The dataset is organized to support:

* Raw document processing research
* Structured extraction pipelines
* Retrieval-augmented QA
* End-to-end document reasoning systems

It preserves original documents alongside structured derivatives to enable reproducible evaluation across preprocessing strategies.

---

## Dataset Structure

The repository follows a strict hierarchical layout:

```
<category>/<type>/<dataset>/...
```

### Categories

* `real-pdfQA/` — Real-world benchmark datasets
* `syn-pdfQA/` — Synthetic benchmark datasets

### Types

Each dataset contains three file-type folders:

* `01.1_Input_Files_Non_PDF/` — Original source formats (e.g., xlsx, epub, htm, tex, txt)
* `01.2_Input_Files_PDF/` — Original PDF files
* `01.3_Input_Files_CSV/` — Structured annotations / tabular representations

### Datasets
Each type folder contains subfolders for individual datasets. Supported datasets include:

#### Real-world Datasets
- `ClimateFinanceBench/`
- `ClimRetrieve/`
- `FeTaQA/`
- `FinanceBench/`
- `FinQA/`
- `NaturalQuestions/`
- `PaperTab/`
- `PaperText/`
- `Tat-QA/`

#### Synthetic Datasets
- `books/`
- `financial_reports/`
- `sustainability_disclosures/`
- `research_articles/`


### Example

```
syn-pdfQA/
  01.2_Input_Files_PDF/
    books/
      file1.pdf
  01.3_Input_Files_CSV/
    books/
      file1.csv
  01.1_Input_Files_Non_PDF/
    books/
      file1.xlsx
```

This design allows:

* Access to original PDFs
* Access to structured evaluation data
* Access to original source formats for preprocessing research

---

## Intended Use

This dataset is intended for:

* PDF parsing and layout understanding
* Financial and sustainability document QA
* Retrieval-augmented generation (RAG)
* Multi-modal document pipelines
* Table extraction and structured reasoning
* Robustness evaluation across preprocessing pipelines

It is particularly useful for comparing:

* Direct PDF-based reasoning
* OCR pipelines
* Structured table extraction
* Raw-source ingestion approaches

---

## Access Patterns

The dataset supports multiple access patterns depending on research
needs.

All official download scripts are available in the GitHub repository:

👉 https://github.com/tobischimanski/pdfQA

Scripts are provided in both:

-   **Bash (git + Git LFS)** --- recommended for large-scale downloads\
-   **Python (huggingface_hub API)** --- recommended for programmatic
    workflows

------------------------------------------------------------------------

### 1️⃣ Download Everything

Download the entire repository (all categories, types, and datasets).

#### Bash (git + LFS)

``` bash
./tools/download_using_bash/download_all.sh
```

[Bash script](https://github.com/tobischimanski/pdfQA/blob/main/tools/download_using_bash/download_all.sh)


#### Python (HF API)

``` bash
python tools/download_using_python/download_all.py
```

[Python script](https://github.com/tobischimanski/pdfQA/blob/main/tools/download_using_python/download_all.py)
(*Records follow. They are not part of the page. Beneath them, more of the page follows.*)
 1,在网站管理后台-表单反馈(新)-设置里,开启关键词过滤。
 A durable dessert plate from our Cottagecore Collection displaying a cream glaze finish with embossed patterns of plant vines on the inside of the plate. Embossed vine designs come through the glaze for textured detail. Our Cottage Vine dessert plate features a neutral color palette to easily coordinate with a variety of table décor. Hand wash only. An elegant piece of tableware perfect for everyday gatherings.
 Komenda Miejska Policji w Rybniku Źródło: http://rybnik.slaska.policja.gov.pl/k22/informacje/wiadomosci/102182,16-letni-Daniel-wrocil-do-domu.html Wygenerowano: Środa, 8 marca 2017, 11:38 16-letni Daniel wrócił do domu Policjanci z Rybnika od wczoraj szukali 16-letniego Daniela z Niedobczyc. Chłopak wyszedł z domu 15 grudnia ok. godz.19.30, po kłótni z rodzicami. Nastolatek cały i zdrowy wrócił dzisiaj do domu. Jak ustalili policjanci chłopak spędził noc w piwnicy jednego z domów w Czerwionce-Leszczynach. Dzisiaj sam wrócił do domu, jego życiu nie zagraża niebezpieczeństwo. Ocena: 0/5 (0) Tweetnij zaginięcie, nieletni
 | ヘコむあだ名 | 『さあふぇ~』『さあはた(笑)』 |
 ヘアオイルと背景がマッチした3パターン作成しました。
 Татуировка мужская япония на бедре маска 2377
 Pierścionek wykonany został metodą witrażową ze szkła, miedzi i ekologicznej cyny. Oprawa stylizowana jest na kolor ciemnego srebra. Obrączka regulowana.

------------------------------------------------------------------------

### 2️⃣ Download by Category

Download only:

-   `real-pdfQA/`
-   or `syn-pdfQA/`

#### Example

``` bash
./tools/download_using_bash/download_category.sh syn-pdfQA
```

[Bash script](https://github.com/tobischimanski/pdfQA/blob/main/tools/download_using_bash/download_category.sh)
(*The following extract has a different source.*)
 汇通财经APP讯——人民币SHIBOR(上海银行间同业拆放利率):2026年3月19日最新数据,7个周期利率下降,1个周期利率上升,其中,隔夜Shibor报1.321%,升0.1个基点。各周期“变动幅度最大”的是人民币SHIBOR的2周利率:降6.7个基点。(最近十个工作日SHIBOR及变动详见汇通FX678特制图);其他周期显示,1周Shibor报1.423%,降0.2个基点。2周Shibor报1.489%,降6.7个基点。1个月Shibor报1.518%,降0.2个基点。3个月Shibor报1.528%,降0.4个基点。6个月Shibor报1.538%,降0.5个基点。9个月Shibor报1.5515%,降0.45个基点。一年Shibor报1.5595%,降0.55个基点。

[Python script](https://github.com/tobischimanski/pdfQA/blob/main/tools/download_using_python/download_category.py)

------------------------------------------------------------------------

### 3️⃣ Download by Dataset (All Types)

Download a single dataset across all three file-type folders:

-   `01.1_Input_Files_Non_PDF/`
-   `01.2_Input_Files_PDF/`
-   `01.3_Input_Files_CSV/`

#### Example

``` bash
./tools/download_using_bash/download_dataset.sh syn-pdfQA books
```

[Bash script](https://github.com/tobischimanski/pdfQA/blob/main/tools/download_using_bash/download_dataset.sh)

[Python script](https://github.com/tobischimanski/pdfQA/blob/main/tools/download_using_python/download_dataset.py)
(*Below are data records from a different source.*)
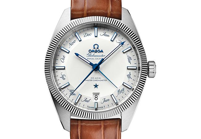OMEGA大師天文台年曆41毫米腕錶採不鏽鋼錶殼與防磨損硬金屬碳化鎢(tungsten carbide)錶圈,是專為情人打造歷久不衰、堅韌柔情時刻的一只腕錶。此腕錶採用蛋白石銀色經典「Pie Pan Dail-多邊型立體」錶盤,其設計靈感取自1952年的星座系列腕錶。面盤上的每個斜面都標記著每一個月份,藉此帶來了年曆功能。面盤上還設置藍色星座系列星形符號與OMEGA商標。藍色亮漆刻面 (blued facetted hands)指針與刻度內填Super-LumiNova超螢光塗層,為腕錶添增迷人光澤。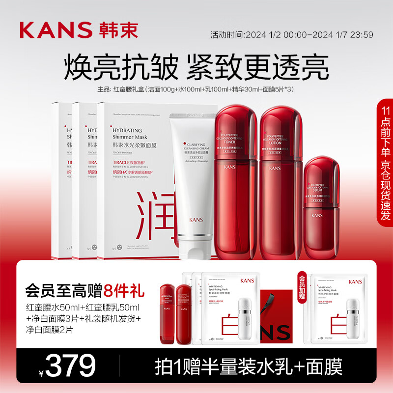 韩束红蛮腰洁水乳精华面膜7件套 抗氧抗糖紧致化妆品护肤品套装价格:379.00元!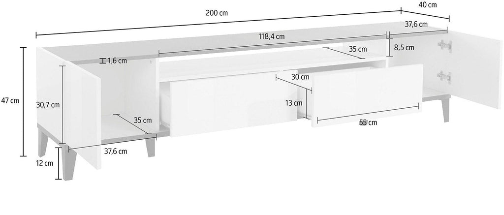 - Dimensioni del mobile montato: 200 x 40 x 47 (LxPxA)
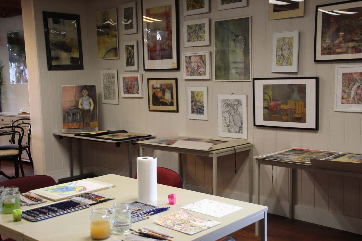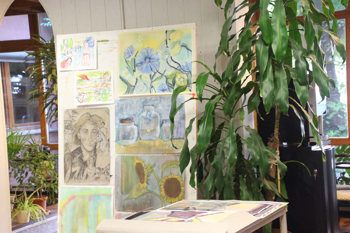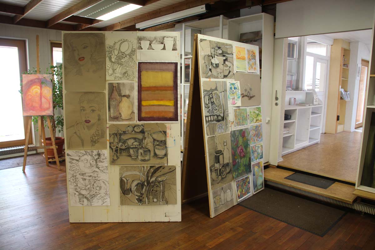 Das Besondere? – Seit ca. drei Jahren bietet sie Workshops zu den Themen Pastellkreide, Aquarelldoodle, Gouache und Zeichnen und durch diese Ausstellung auch einen Einblick in Arbeiten der vielen Teilnehmer an. Wenn der Besucher den Blick über die Kunstwerke schweifen lässt, ist eines deutlich erkennbar: Die Handschrift der einzelnen Künstler. Ob bunt, zweifarbig oder Ton in Ton. Ob abstrakt, realistisch oder fantasievoll. – Hier ist für jeden Geschmack etwas dabei!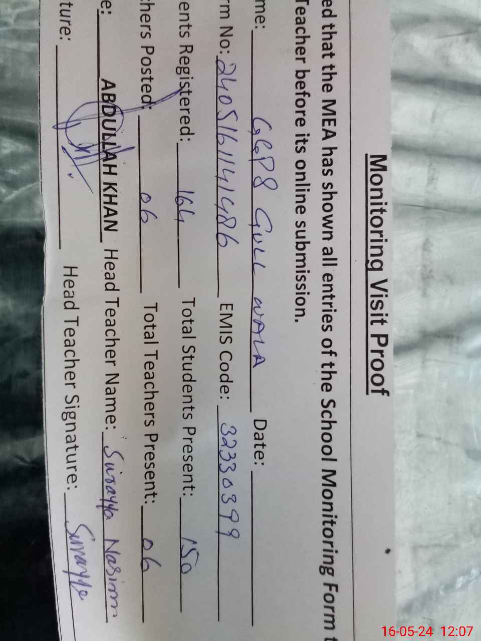 | EMIS Code: 32330399 | Name of School: GGPS GULL WALA | |||

------------------------------------------------------------------------

### 4️⃣ Download Arbitrary Folders

Download one or multiple arbitrary folder paths.

#### Example

``` bash
./tools/download_using_bash/download_folders.sh \
  "syn-pdfQA/01.2_Input_Files_PDF/books" \
  "syn-pdfQA/01.3_Input_Files_CSV/books"
```

[Bash script](https://github.com/tobischimanski/pdfQA/blob/main/tools/download_using_bash/download_folders.sh)

[Python script](https://github.com/tobischimanski/pdfQA/blob/main/tools/download_using_python/download_folders.py)

------------------------------------------------------------------------

### 5️⃣ Download Specific Files

Download one or more individual files.

#### Example (Bash)

``` bash
./tools/download_using_bash/download_files.sh \
  "syn-pdfQA/01.2_Input_Files_PDF/books/file1.pdf"
```

[Bash script](https://github.com/tobischimanski/pdfQA/blob/main/tools/download_using_bash/download_files.sh)

[Python script](https://github.com/tobischimanski/pdfQA/blob/main/tools/download_using_python/download_files.py)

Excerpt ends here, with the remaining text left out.